Turn accepted quotes into order records. Customer PO, vendor PO, deposit status, balance due, vendor payment status, shipping path, booking number, closeout status.

Success: active orders can be reviewed without opening multiple spreadsheets and email threads.
06Phase

Steve Dakh technical build assessment

Bring Steve into the next phase to guide architecture and prevent throwaway tooling. The technical brief covers data store (Airtable / Sheets / Supabase / SQLite / custom), vendor response link security, authentication model, file handling, extraction sequencing, and the export path.

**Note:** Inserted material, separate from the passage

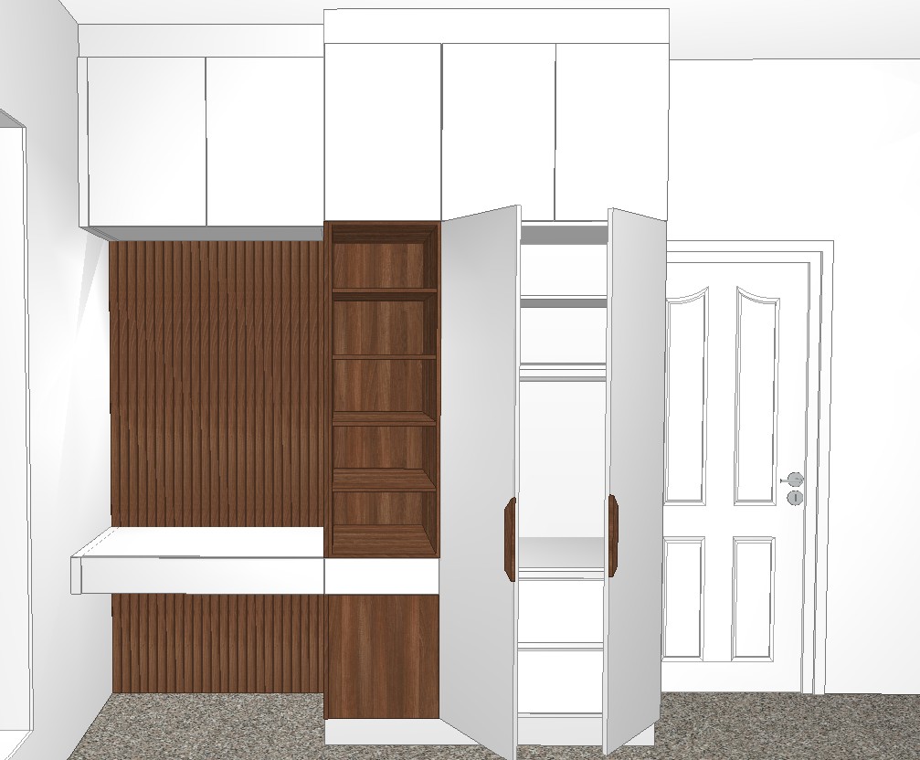 add a young child sitting at the desk add decor clothes in the wardrobe and natural light coming through the window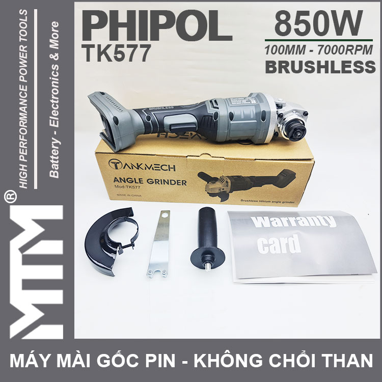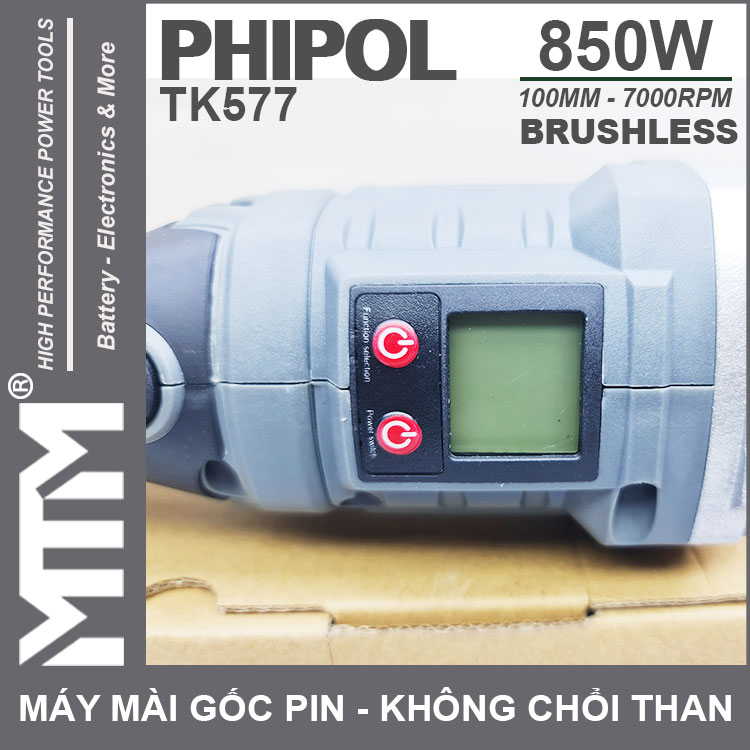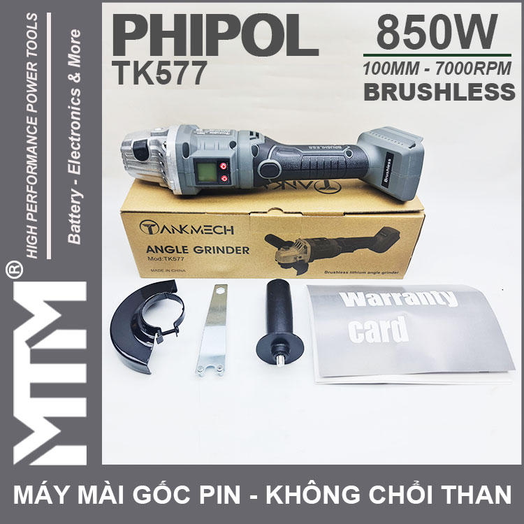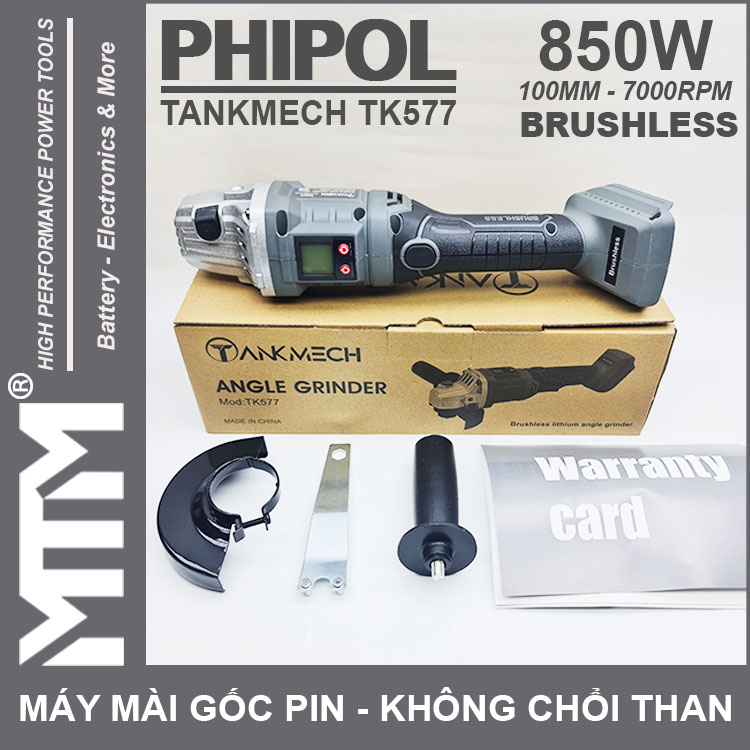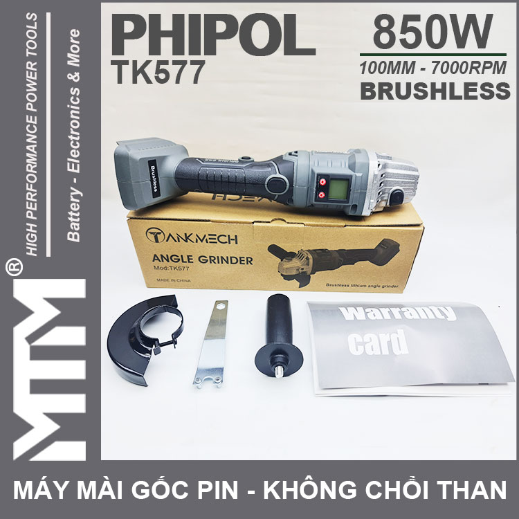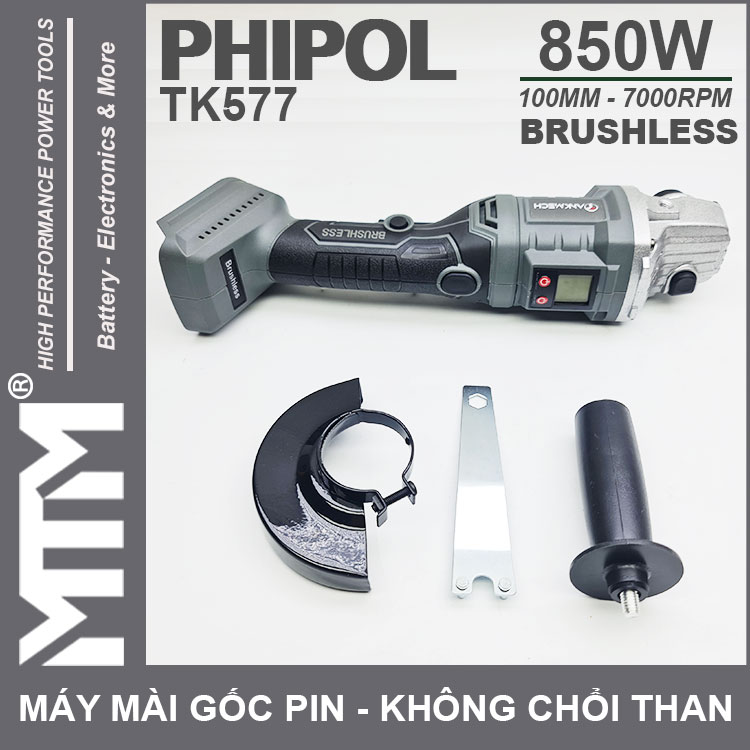 Máy mài góc dùng pin chân phồ thông 21V 850W 100MM không chổi than Phipol Tankmeck TK577 cao cấp chính hãng. Sử dụng công nghệ mới với motor không chổi than mạnh mẽ tiết kiệm điện, màn hình LCD chỉnh thông số tốc độ.

Recommendation: start with a lightweight custom workflow around the Fast Quote Lane model. Avoid a full CRM migration until real usage proves the data model.
04 / Payment context

The second-payment condition is met.

"Flat fee: $7,500. Payment structure: 50% to begin, 50% at day 15 or upon delivery of the first working dashboard, whichever comes first." — Proposal, May 6, 2026

The first working dashboard concept has been produced as the Fast Quote Lane prototype. The sprint has also produced the workflow diagnosis, quote-to-invoice operating frame, workbook structure, Jim handoff frame, AI workflow direction, and next-phase roadmap.

The remaining work is no longer discovery. It is implementation depth. That is the next phase.

Sprint fee
$7,500
Per signed proposal
First half
$3,750
Received · sprint kickoff
Second half
$3,750
Ready to invoice
Trigger
Met
First working dashboard live
Recommended next step

A short working session with you, Jim, Steve, and me to decide the MVP build path.

The main questions: where the data should live, how vendor response links should work, and how approved quote data exports back into the CARISAM quote format. This is the work that turns the prototype into the durable system.